For the material below, reproduce exactly each line from the one that has "ワンピース レディース デニム サロペット 春 夏 膝丈 着痩せ デニムワンピース 通勤" through the one that has "Current Debt HOW", and no others; pictures stay out.

━━━━━━

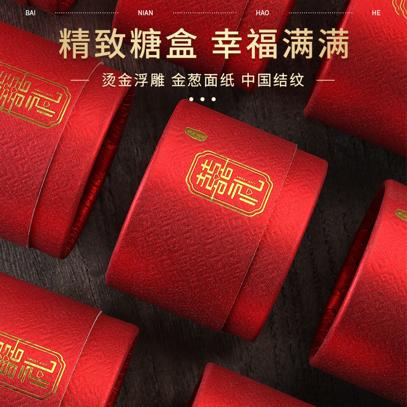 新型結婚喜糖箱結婚式専用キャンディーギフト箱婚約中国風紙箱円形包装空箱
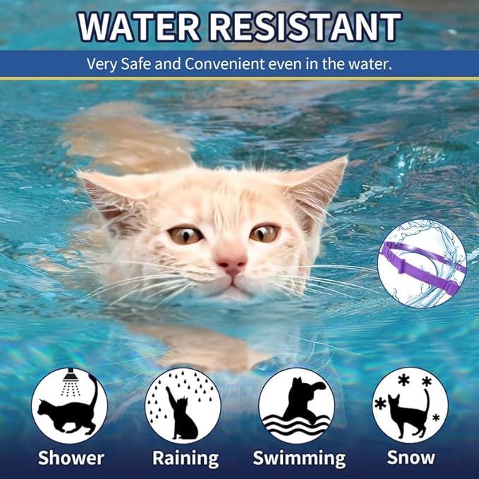 - NON-GREASY & WATER-RESISTANT - The flea treatment cat collar is also designed with water-resistant capabilities, so your cat can put on it without worry even on rainy days, during baths, swimming, or any wet conditions. Additionally, The non-greasy formula won't leave any residue on your cat's fur or your hands. Say goodbye to messy treatments.
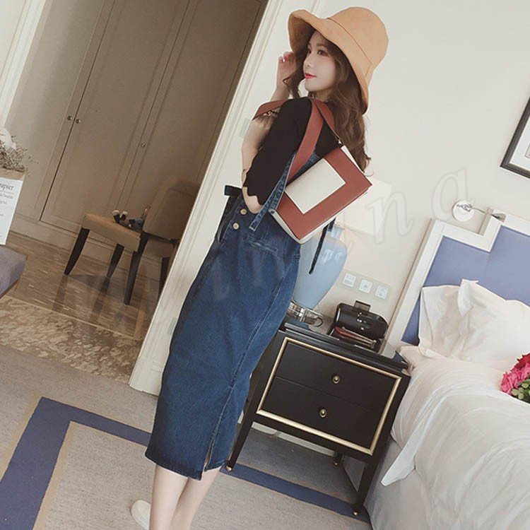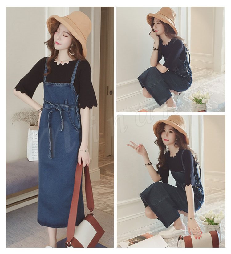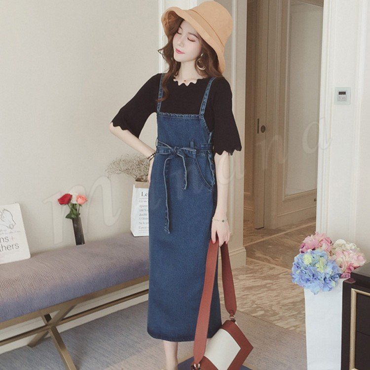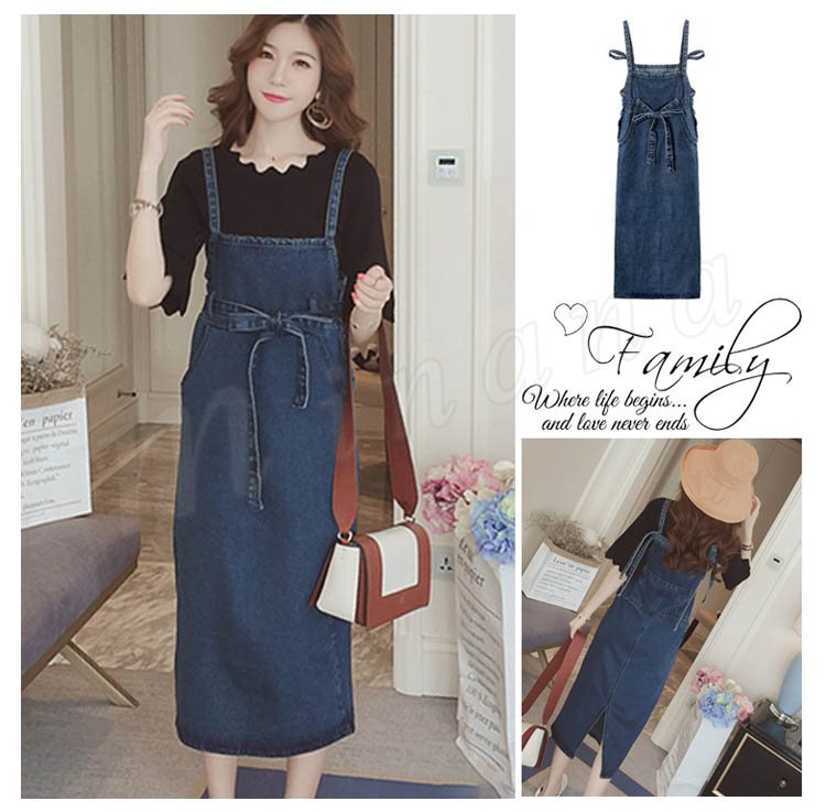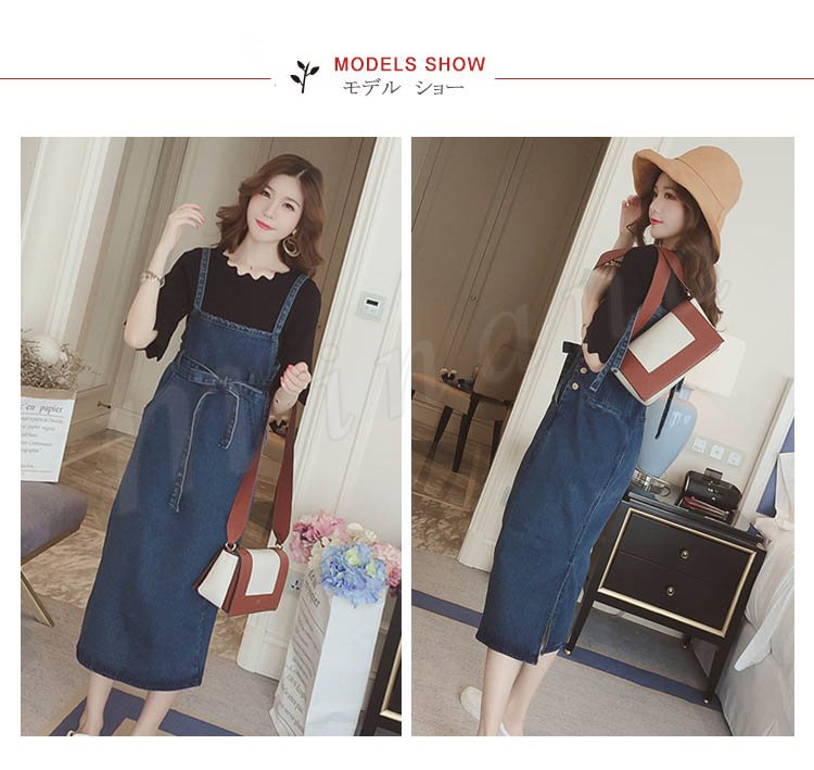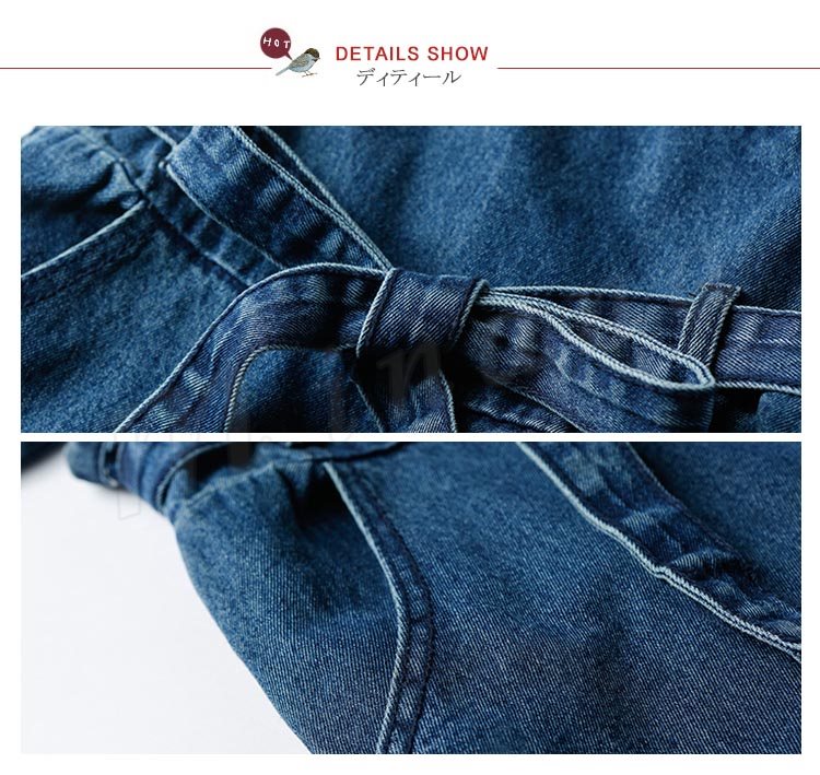 ワンピース レディース デニム サロペット 春 夏 膝丈 着痩せ デニムワンピース 通勤
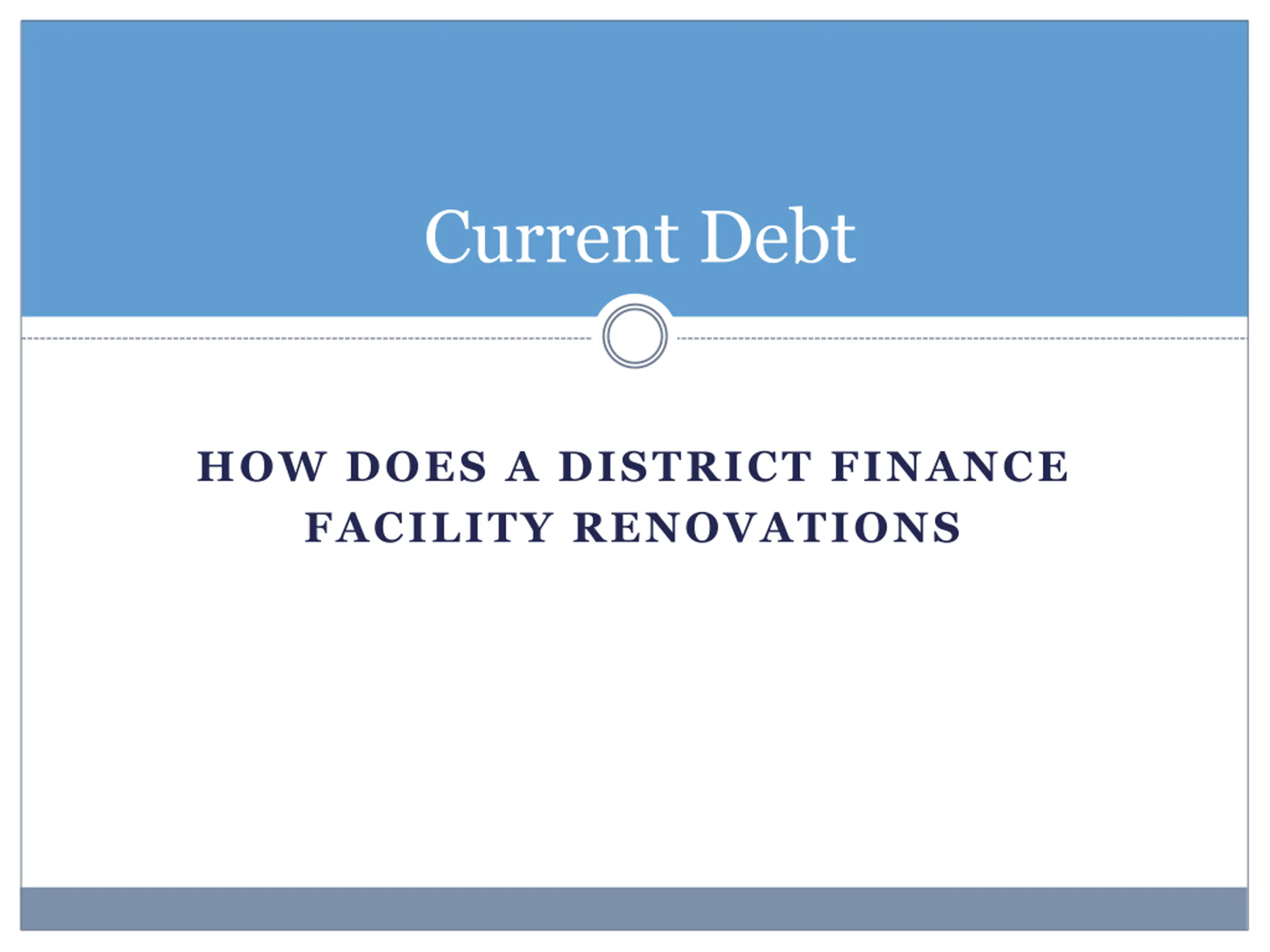 Current Debt HOW DOES A DISTRICT FINANCE FACILITY RENOVATIONS
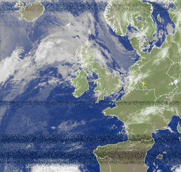 Auf dem heutigen Satellitenbild vom westlichen Europa sind die dichten Wolken eines Tiefdruckgebiets über dem Atlantik zu sehen. Die Ausläufer bringen dabei im Nordwesten von Großbritannien gebietsweise Schauer. Ein kleines Tief liegt auch über der südlichen Ostsee, vor allem in Skandinavien, aber auch in den Bereichen der deutschen Küsten können sich verbreitet Schauer entwickeln. Im übrigen westlichen Europa herrscht aber meist freundliches und trockenes Wetter und die Sonne kommt häufig zum Zuge.
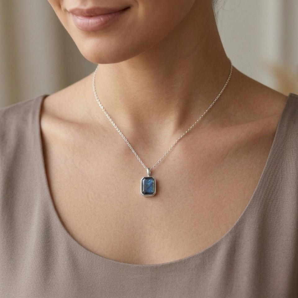 Colgante de labradorita con forma octogonal y engaste de plata de ley, chapado en plata, para el mes de nacimiento de noviembre
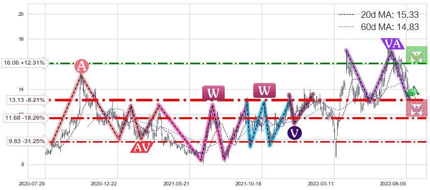♘ 阻力价格位16.06,可信任强度65.20%,距离最后交易2022-08-12形成的收盘价格14.30相差 +12.31%
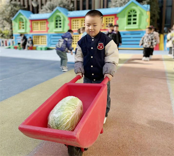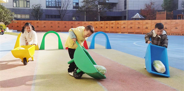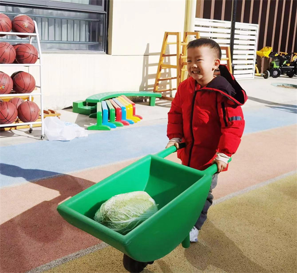 伴隨著哨聲,小班組的寶貝們開始了一場(chǎng)歡快精彩的運(yùn)輸大白菜比賽。
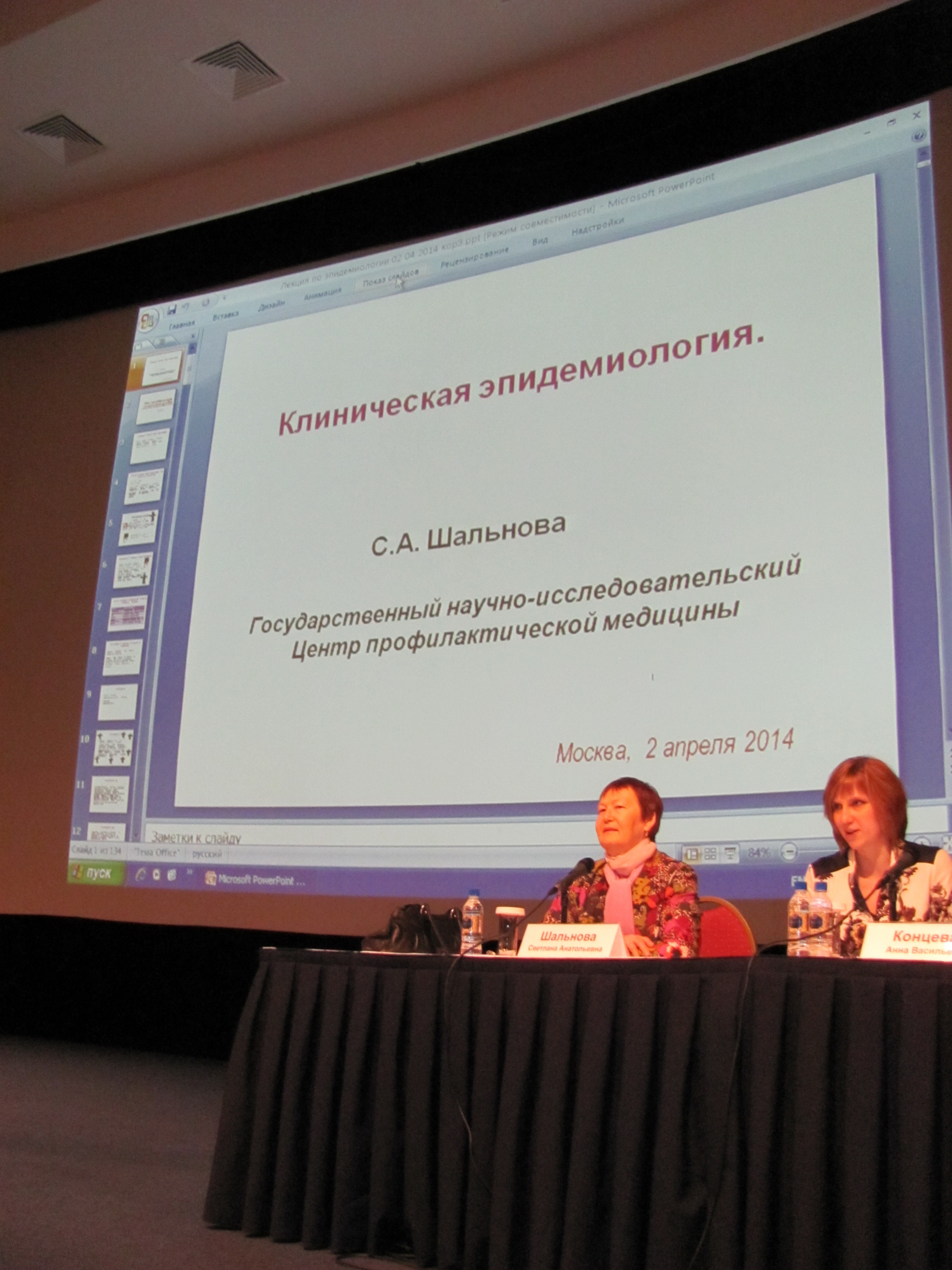Первое выступление профессора Шальновой СА, руководителя отдела эпидемиологии ХНИЗ ФГБУ ГНИЦ Профилактической медицины Минздрава России, «Клиническая эпидемиология – лекция для научных сотрудников младшего возраста».

━━━━━━

## [WRITTEN REPLY]
 ワンピース レディース デニム サロペット 春 夏 膝丈 着痩せ デニムワンピース 通勤
 Current Debt HOW DOES A DISTRICT FINANCE FACILITY RENOVATIONS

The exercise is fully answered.